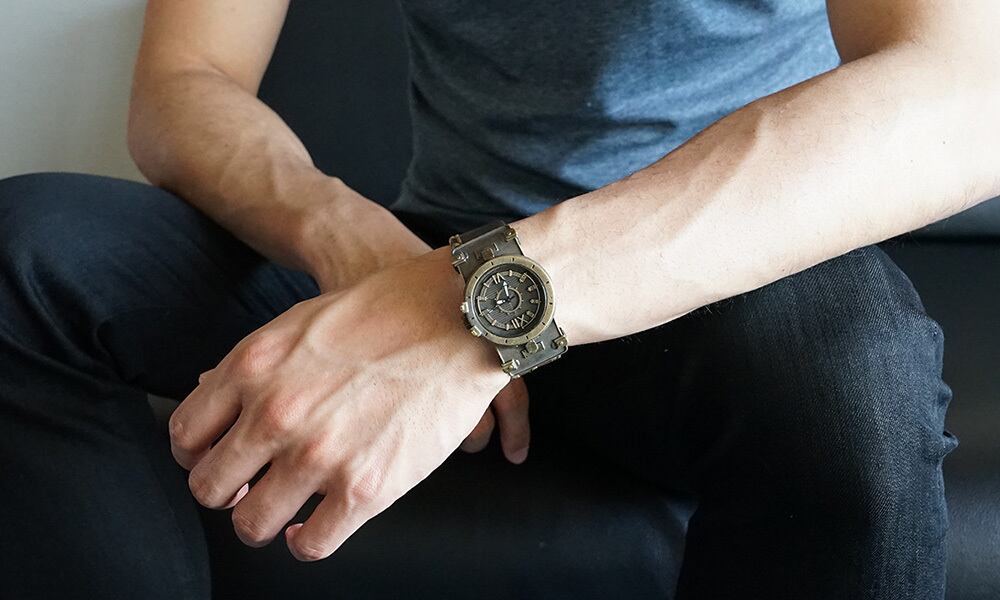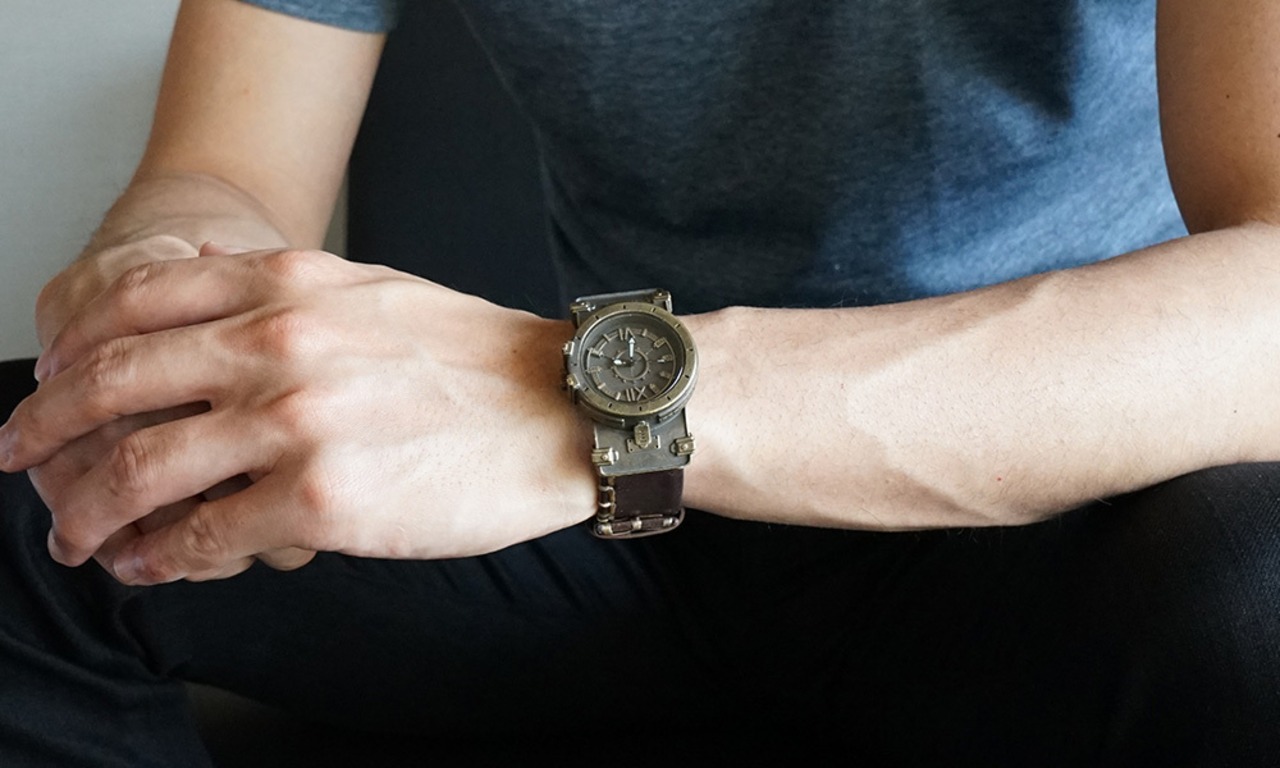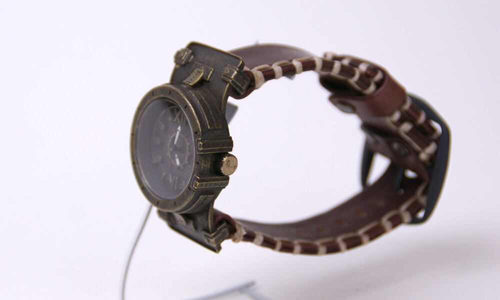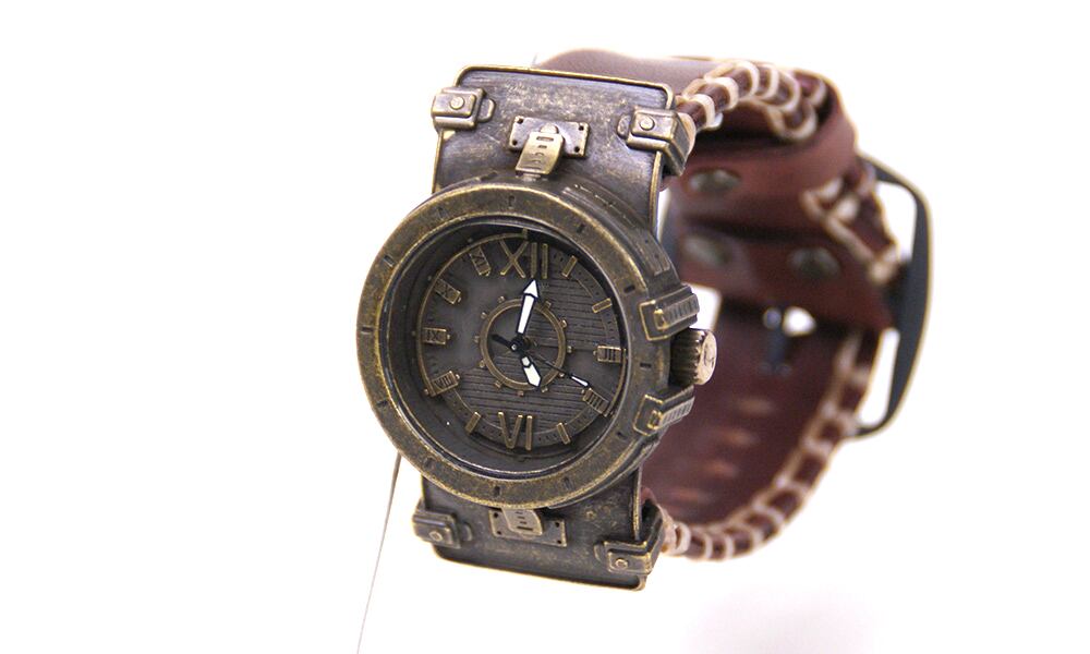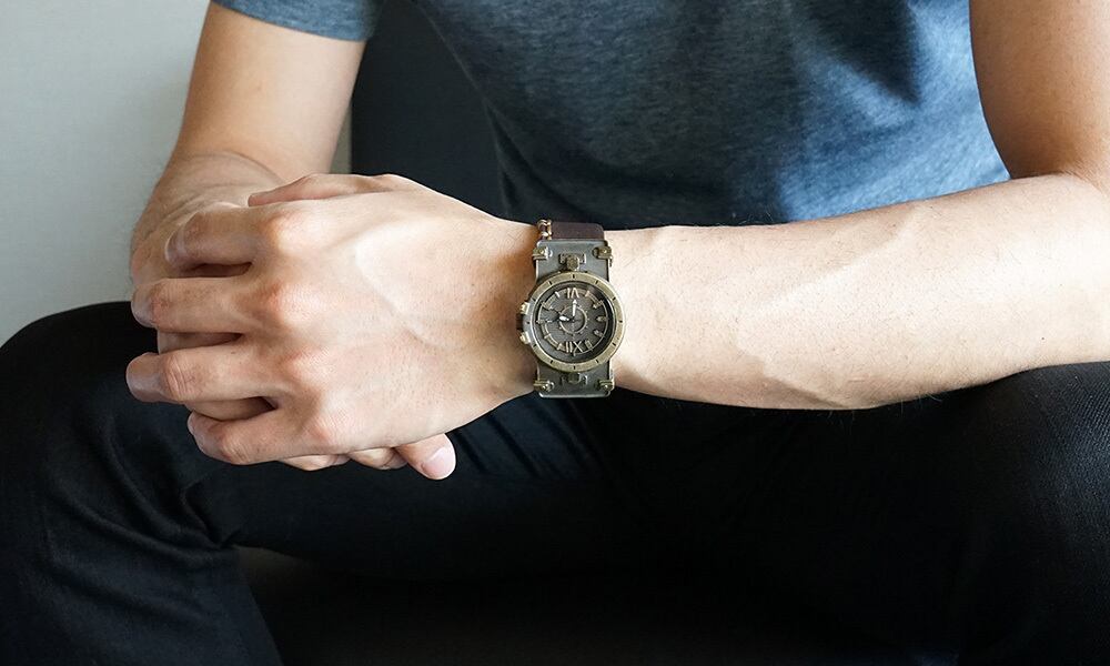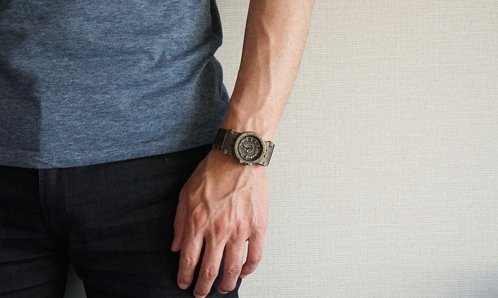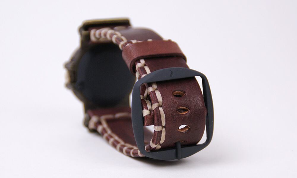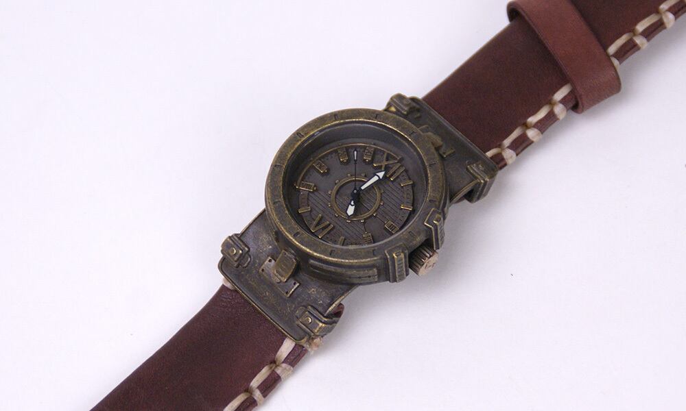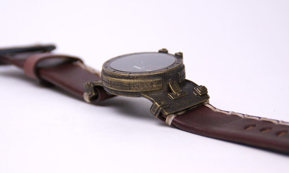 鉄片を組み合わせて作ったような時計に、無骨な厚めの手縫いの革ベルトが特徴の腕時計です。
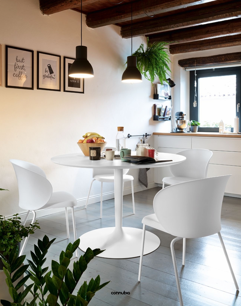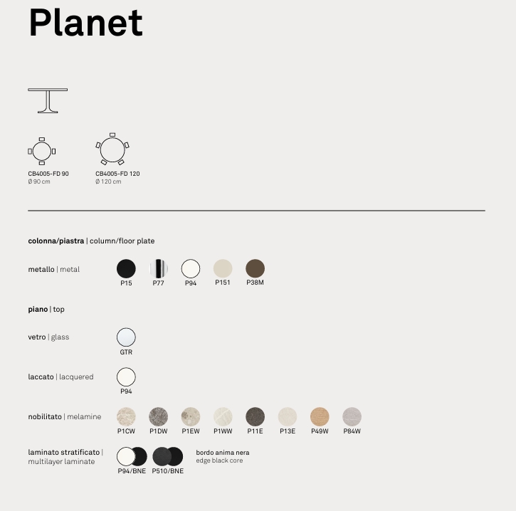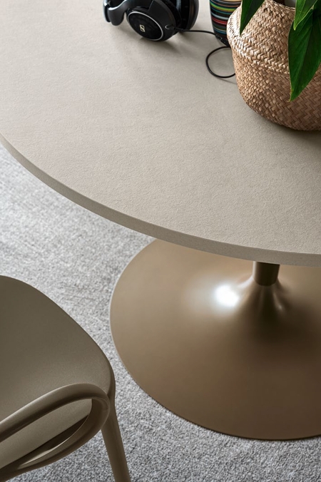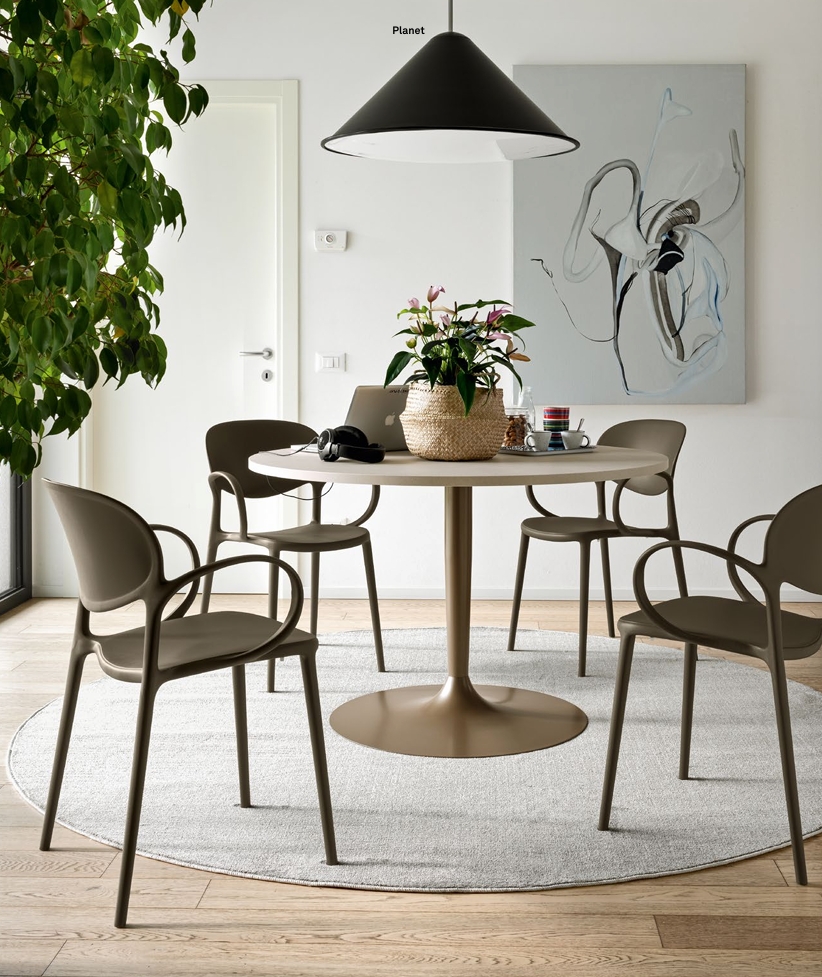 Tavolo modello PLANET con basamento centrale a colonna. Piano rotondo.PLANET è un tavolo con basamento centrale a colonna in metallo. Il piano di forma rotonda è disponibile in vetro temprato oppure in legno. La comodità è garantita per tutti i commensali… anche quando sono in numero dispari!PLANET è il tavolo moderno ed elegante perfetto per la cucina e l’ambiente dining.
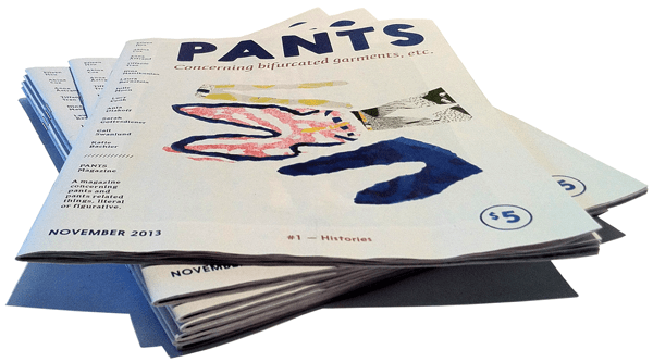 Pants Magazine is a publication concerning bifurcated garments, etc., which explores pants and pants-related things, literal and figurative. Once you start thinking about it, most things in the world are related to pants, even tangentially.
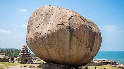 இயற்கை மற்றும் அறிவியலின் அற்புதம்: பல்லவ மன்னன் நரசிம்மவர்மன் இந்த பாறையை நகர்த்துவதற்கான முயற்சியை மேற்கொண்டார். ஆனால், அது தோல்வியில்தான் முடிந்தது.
+++
(Exercise objective): Copy the listing above verbatim; the pictures it contains are to stay out.

(Task result):
 鉄片を組み合わせて作ったような時計に、無骨な厚めの手縫いの革ベルトが特徴の腕時計です。
 Tavolo modello PLANET con basamento centrale a colonna. Piano rotondo.PLANET è un tavolo con basamento centrale a colonna in metallo. Il piano di forma rotonda è disponibile in vetro temprato oppure in legno. La comodità è garantita per tutti i commensali… anche quando sono in numero dispari!PLANET è il tavolo moderno ed elegante perfetto per la cucina e l’ambiente dining.
 Pants Magazine is a publication concerning bifurcated garments, etc., which explores pants and pants-related things, literal and figurative. Once you start thinking about it, most things in the world are related to pants, even tangentially.
 இயற்கை மற்றும் அறிவியலின் அற்புதம்: பல்லவ மன்னன் நரசிம்மவர்மன் இந்த பாறையை நகர்த்துவதற்கான முயற்சியை மேற்கொண்டார். ஆனால், அது தோல்வியில்தான் முடிந்தது.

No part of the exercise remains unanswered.